The keys that get lost in this system are freedom, autonomy, liberty, participation, and self-determination. Often, these institutions reflect the punitive system, with similar language employed, such as ‘parole’ to describe a resident going to visit their family, and ‘escaped’ if one voluntarily leaves the hospital, severe verbal and physical abuse if subservience is not maintained. This is telling of the public mental health system that views people with mental illness living in institutions as deserving of imprisonment. It also indicates why there is such poor social welfare and lack of any attempts at community inclusion. They are a forgotten constituency — morally, socially, and even constitutionally. Long-stay institutions can see people living in them for anywhere from five to twenty years, even to the natural end of their lives.

On the bright side, there is finally a powerful mental health discourse in the country that attempts to bridge the gap between social recovery and the medical model.
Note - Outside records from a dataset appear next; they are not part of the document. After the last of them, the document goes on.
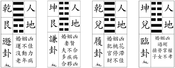 男主人為『乾』、女主人為『坤』,男主人乾艮組合為『遯』卦,女主人坤艮組合為『謙』卦。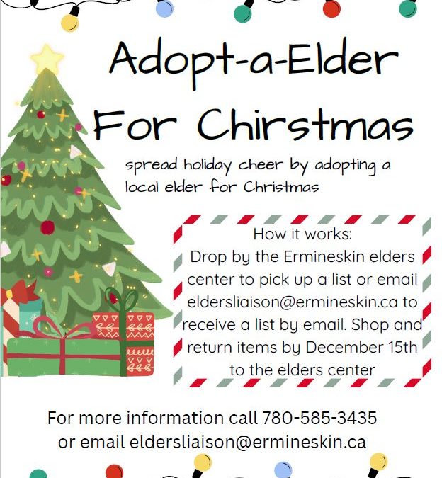 Published by Erimineskin at November 17, 2025 Categories Facebook Tags Contact Elders if you have any questions Source Share0 Related postsNovember 17, 2025Elder’s Centre is seeking volunteers for the Christmas Dinner to help with cooking and serving. *Mu…Read moreNovember 17, 2025ELDERS CHRISTMAS DINNER Ermineskin Elders Centre December 16, 2025 11:30am-3:30pm If you need tr…Read moreNovember 17, 2025Between the Ears Equine Healing & Development Program Our winter sessions are now taking place, any…Read moreNovember 17, 2025Commenting has been turned off for this post.Read more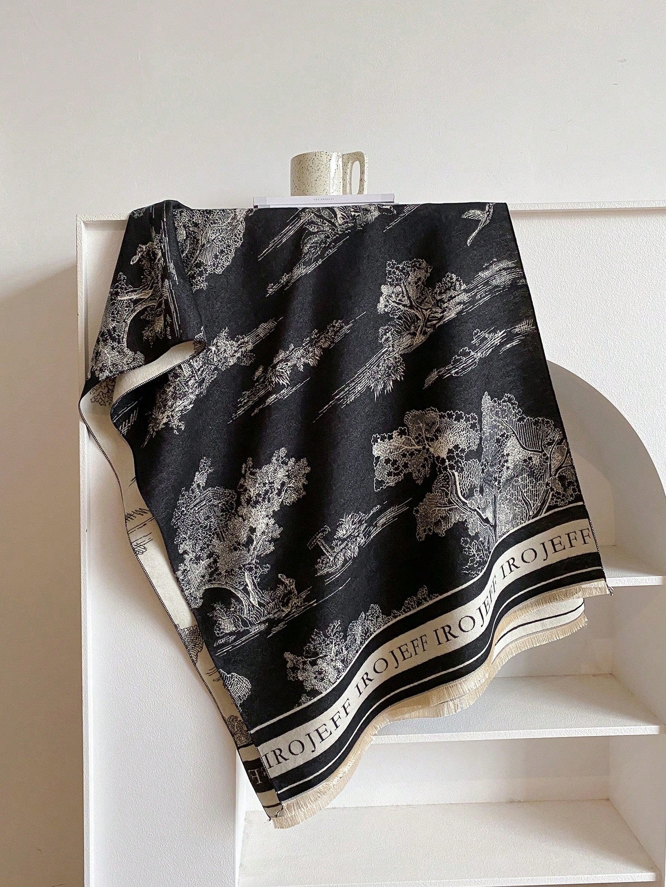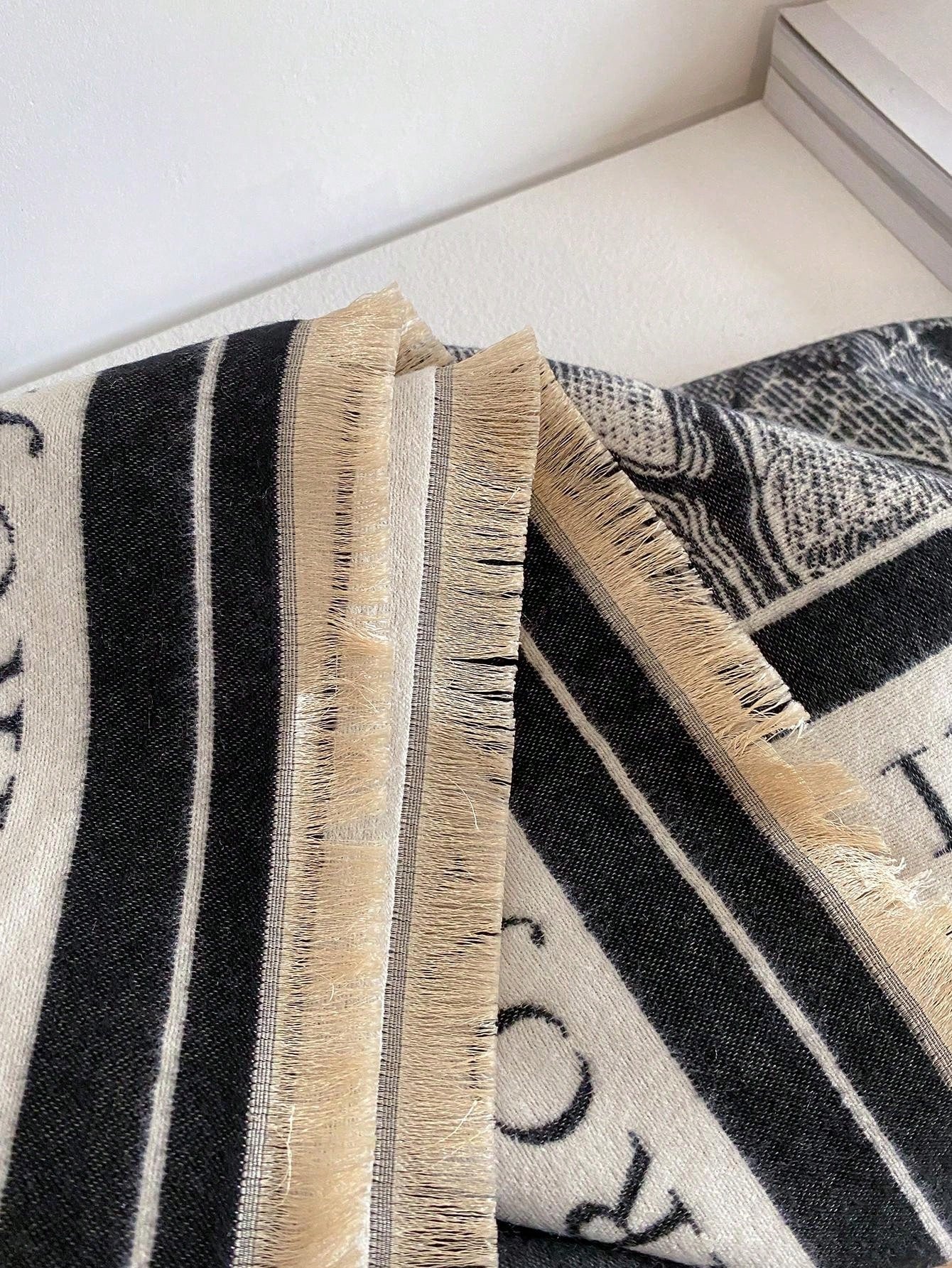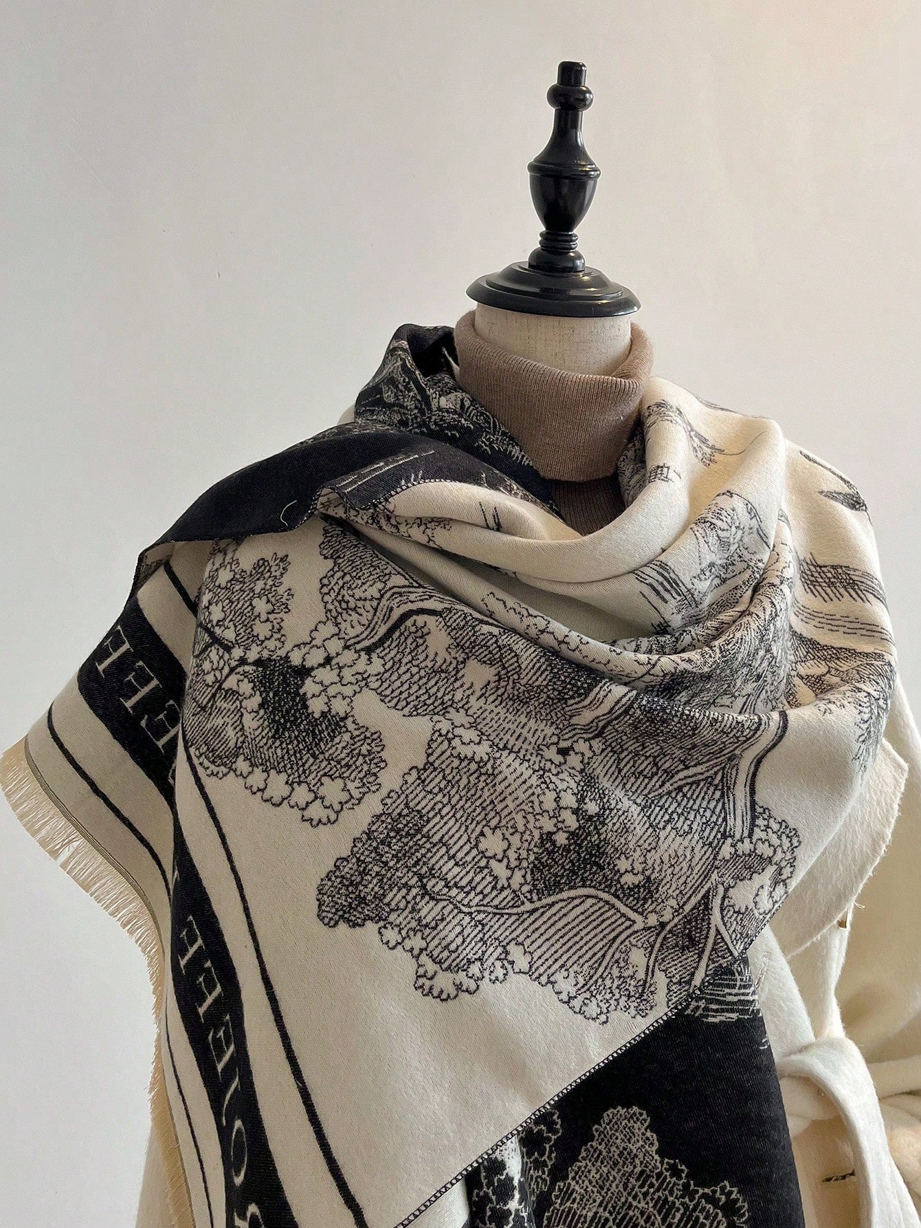 قطعة واحدة من وشاح الكشمير المقلد على الوجهين للسيدات منسوج بأنماط نباتية، شال للدفء في الخريف والشتاء، مناسب للاستخدام اليومي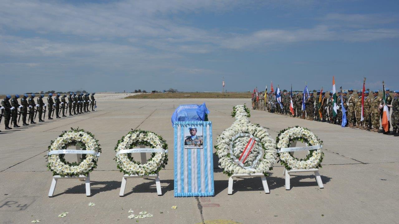 قامت اليونيفيل والقوات المسلحة اللبنانية اليوم بإلقاء التحية الأخيرة تكريماً للعريف ميرسي أداده من الكتيبة الغانية، والتي توفيت عن عمر يناهز ٣٦ عاماً في الصباح الباكر من ٥ نيسان بعد فترة قصيرة من المرض، مع الإشارة الى ان العريف أداده هي أم لطفل.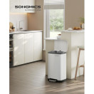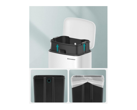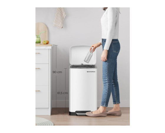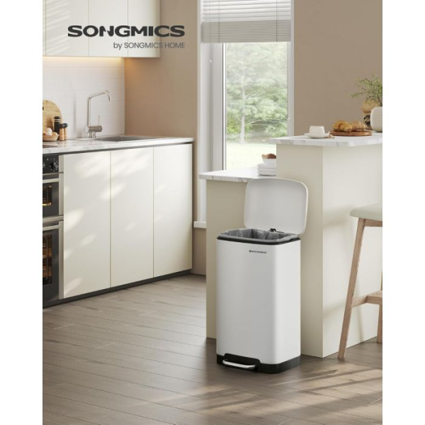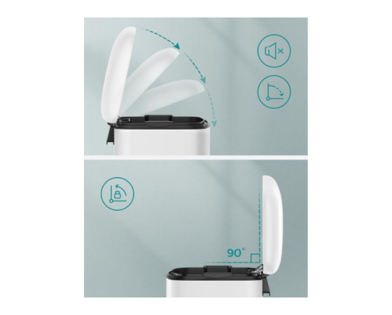 Zakaj bi koš za odpadke kazil izgled vaše kopalnice ali kuhinje? SONGMICS 30-litrski kovinski koš v beli barvi z minimalističnim dizajnom se odlično poda v sodoben dom. Kljub kovinskemu ohišju deluje nežno – zahvaljujoč mehkemu mehanizmu se pokrov zapira počasi in tiho. Ko izvajate večje čiščenje, lahko pokrov ročno pustite odprt – kasneje ga zaprete z rahlim pritiskom. Notranje plastično vedro s stranskimi ročaji je snemljivo in omogoča enostavno praznjenje ter čiščenje. Dodatna odprtina v notranjosti zadrži plastično vrečko na mestu, tudi če se raztrga. Pametna rešitev za red in svežino brez neprijetnih vonjav – tudi ob nepričakovanem obisku prijateljev.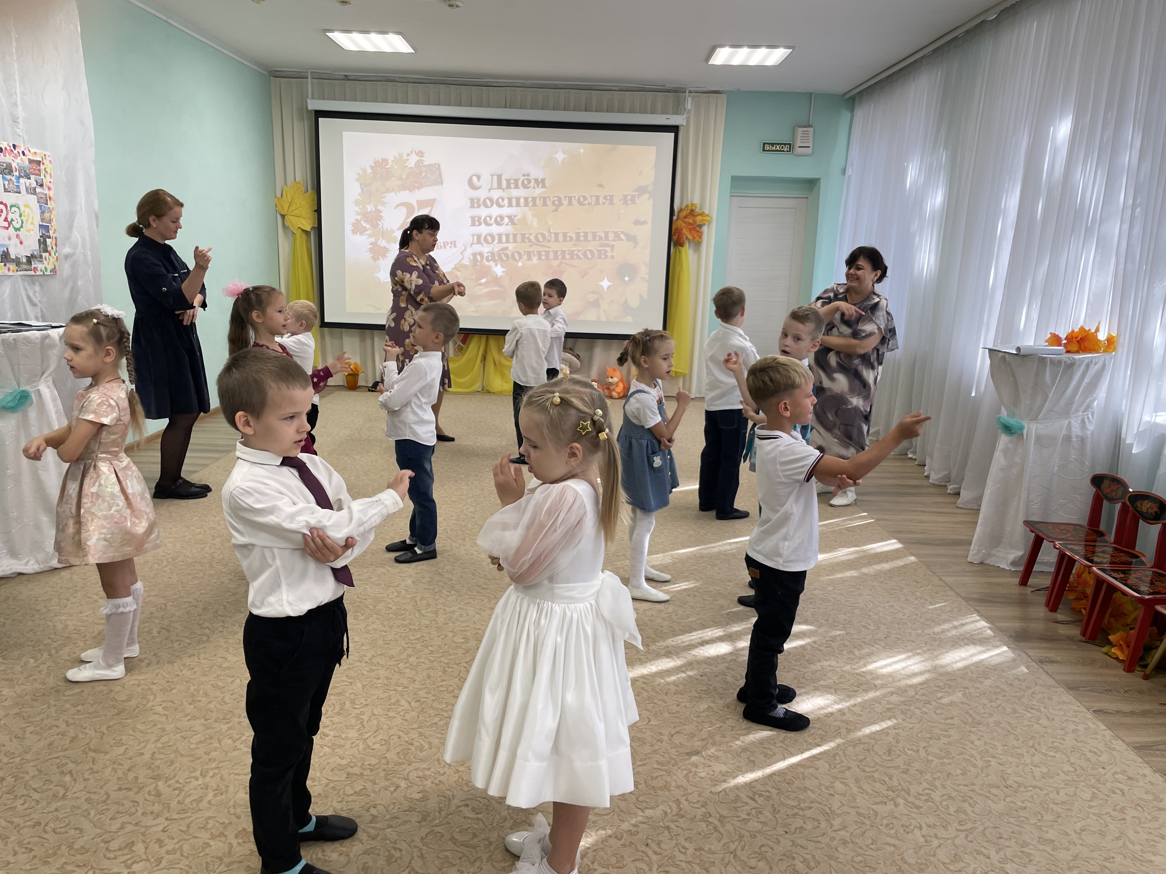 В детских садах проходят многочисленные торжественные мероприятия: тематические беседы, игровые квесты, праздничные концерты. Дети с удовольствием дарят творческие номера для педагогов и ветеранов педагогического труда в ходе поздравительных концертов, оставляют теплые поздравления в открытках.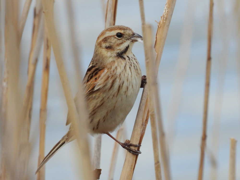 二つ池の北側の水路沿いの葦には、前回と同様にオオジュリンがいました。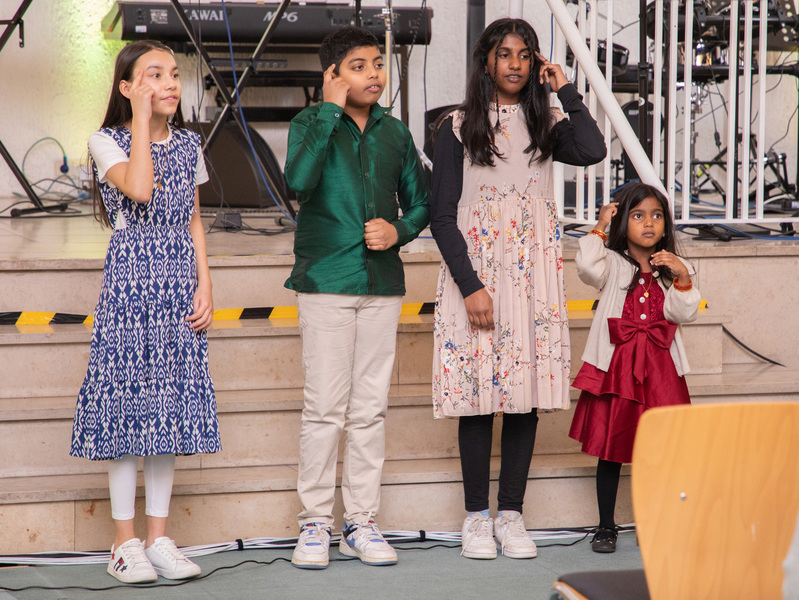 Nach dem Weihnachtsgottesdienst gab es ein kleines Programm von den Kindern und Erwachsenen aus der Muttergemeinde. Tänze, Gruppenlieder, Einzellieder und zuletzt noch ein Theaterstück. Alles in allem wurde der Erste Weihnachtstag mit einem gemeinsamen Abendessen beendet. [Montag, 25.Dezember 2017]
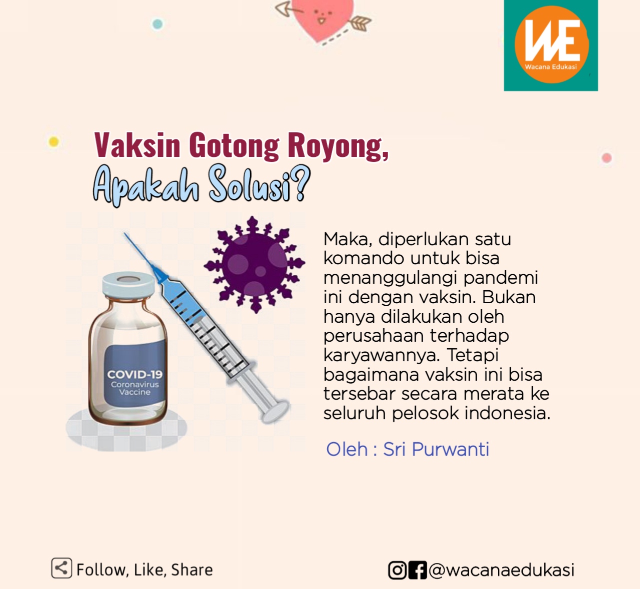 wacana-edukasi.com, Pandemi Covid-19 masih belum berakhir. Berbagai usaha dilakukan untuk mengurangi jumlah kasus infeksi virus ini. PSBB, New Normal, kebiasaan 3M (Memakai masker, mencuci tangan, menjaga jarak), juga yang tak kalah pentingnya dilakukan juga vaksinasi.
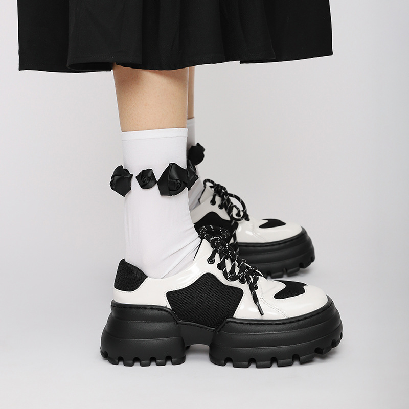2023 봄과 가을 스퀘어 토 플랫폼 가죽 신발 여성의 일본식 대학 스타일 복고풍 단층 신발 독특한 디자인 스포츠 엄지 발가락 신발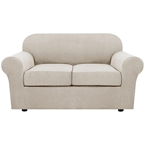 H.VERSAILTEX 3 Piece Stretch Sofa Covers for 2 Cushion Loveseat Couch Covers for Living Room Furniture Cover (Base Cover Plus 2 Seat Cushion Covers) Thicker Jacquard Fabric(Medium, Island Fossi)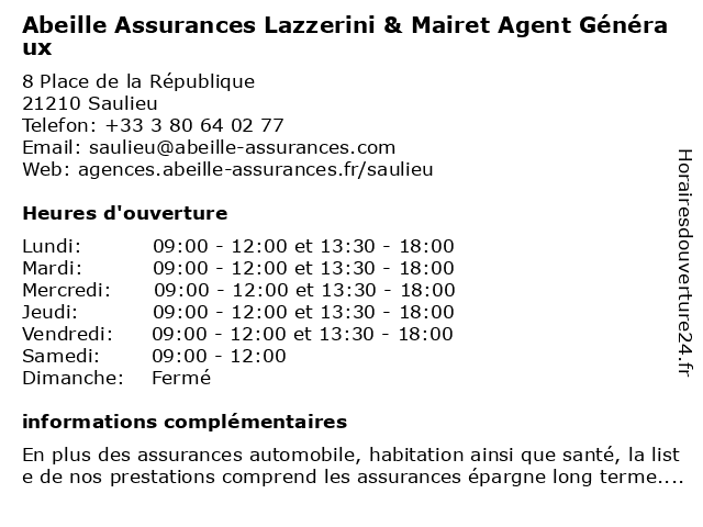 1 Allianz Vié Edouard Agent Général (Distance: 0,07 km) 4 Rue des Fours, 21210 Saulieu agent, allianz, edouard, général, vié 2 MMA Assurances SAULIEU (Distance: 0,18 km) 10 Rue de la Foire, 21210 Saulieu assurance au tiers, assurance auto, assurance auto au tiers, assurance auto pas cher, assurance auto tous risques, assurance habitation, assurance habitation pas cher, assurance local, assurance multirisque, assurance professionnelle, assurance santé, assurance tous risques, assurance voiture, assurances, flotte, garantie décennale, mma, mutuelle, mutuelle sénior, rc pro, responsabilité civile, saulieu 3 Areas Assurances (Distance: 0,21 km) 29 Rue de la Foire, 21210 Saulieu areas, assurances, santé, services 4 Abeille Assurances (Distance: 24,69 km) 20 Rue du Général de Gaulle, 21320 Pouilly En Auxois abeille, assurance, assurance abeille, assurance auto, assurance-vie, assurances, habitation, santé 5 Abeille Assurances (Distance: 24,85 km) 24 Rue de la Liberté, 21140 Semur-en-Auxois abeille, assurance, assurance abeille, assurance auto, assurance-vie, assurances, habitation, santé 6 Abeille Assurances (Distance: 37,23 km) 4 Grande Rue Chauchien, 71400 Autun abeille, abeille assurances, assurance, assurance auto, assurance vie, assurances, habitation, santé |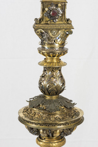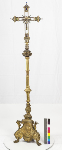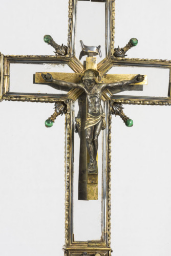 Basamento in rame e bronzo dorato, retto da piedini a zampe leonine in bronzo, sagomato a sezione triangolare con andamento leggermente concavo su ognuna delle facce, spartite in volute di ispirazione architettonica. Ogni faccia è decorata con bordure incise che contornano un ovale, entro il quale vi è il leone marciano. In basso lo spazio tra l'ovale e la cornice è riempito da fiori e da una testa di cherubino. Altri cherubini a tutto tondo si collocano a metà delle volute laterali. Nella parte superiore si imposta un elemento a sezione triangolare sagomato, con piccole volute e motivi geometrici; al di sopra si innesta un nodo a bocciolo con teste di cherubini. L'asta di sostegno è composta da parti di argento dorato liscio, interrotte da anelli torniti e da un nodo bacellato. Croce latina in cristallo di rocca con montatura a sottili profilature d'argento. Bracci ad estremità quadrate con ornamenti a foglie d'argento, quattro perle e una pasta vitrea colorata al centro. Due piccole volute alle estremità dei bracci laterali e di quello superiore le congiungono ad un listello perlinato su cui poggiano cuscinetti a squame, con bottone a foglie d'acanto che regge una sfera in smalto blu alle estremità. Gli stessi bottoni, con sfere in malachite, sono posti diagonalmente agli incroci dei bracci. Sul davanti e sul retro è applicata una croce d'argento con il Crocefisso. Il braccio inferiore della croce è sorretto da un capitello con teste di cherubini e da una serie di elementi modanati e ad anello decorati; su uno di essi si trova un'iscrizione

Proponents of this discourse see the role of trained mental health professionals — psychiatrists, clinical psychologists, and psychotherapists — as much more than treating symptoms. Their responsibility goes beyond writing out prescriptions and conducting talk therapies that aim to fit the person back to ‘normal’.

Given that part of every condition owes itself to the sociocultural and political milieu of a person’s life, these factors play a pivotal role in the recovery process. A person’s context is not inalienable from their mental health. Therefore, mental health professionals must also address discrimination and marginalisation of people with mental health conditions because is there really any recovery if one manages symptoms but is ostracised from social events, from voting rights, and from employment?

The moment has passed, unfortunately, of conveniently compartmentalising the responsibilities of the activist and the professional. A psychiatrist must practice responsible diagnosing, ensure the person has access to information about their condition and its prognosis, and, in consultation with the person concerned, recommend suitable practitioners of social recovery, alternative therapeutic praxis, and facilitate connections with state departments for civic entitlements.

Non-biomedical mental health professionals might do well to focus resources on building safety nets and responsive communities, ensure inclusion and self-determination of persons with mental distress and/or illness, help assert legal capacity, and propagate implementation of progressive laws and policies that are person-centric within the medical, legal, and judicial fraternities.

Long-stay mental institutions are a product of the public mental health system, and while it could always do with more funding and resources, there is much that can improve even as things stand. It must begin with increased sensitivity of care staff, no-tolerance policy for violations, access to legal recourse, redressal mechanisms for violations and an intrinsic value shift where care and treatment are about service-users foremost. Caregivers and other stakeholders in these establishments should undergo capacity building on mental health practice, legality, ethics and intersectoral issues.

Different governmental departments must liaise with each other and develop welfare services for those abandoned in these institutions. Civil society organisations must also share their knowledge and resources with governments for optimal reach and sustainable interventions. These are some keys needed to throw open those gates to freedom and rights. Of course, it would be good to first polish these with empathy, compassion, mindfulness, and equity.

Adrika Sengupta is the Head of Programmes at Anjali, an NGO working in the areas of mental health, disability, development, and human rights in state mental health establishments and semi-rural communities in West Bengal.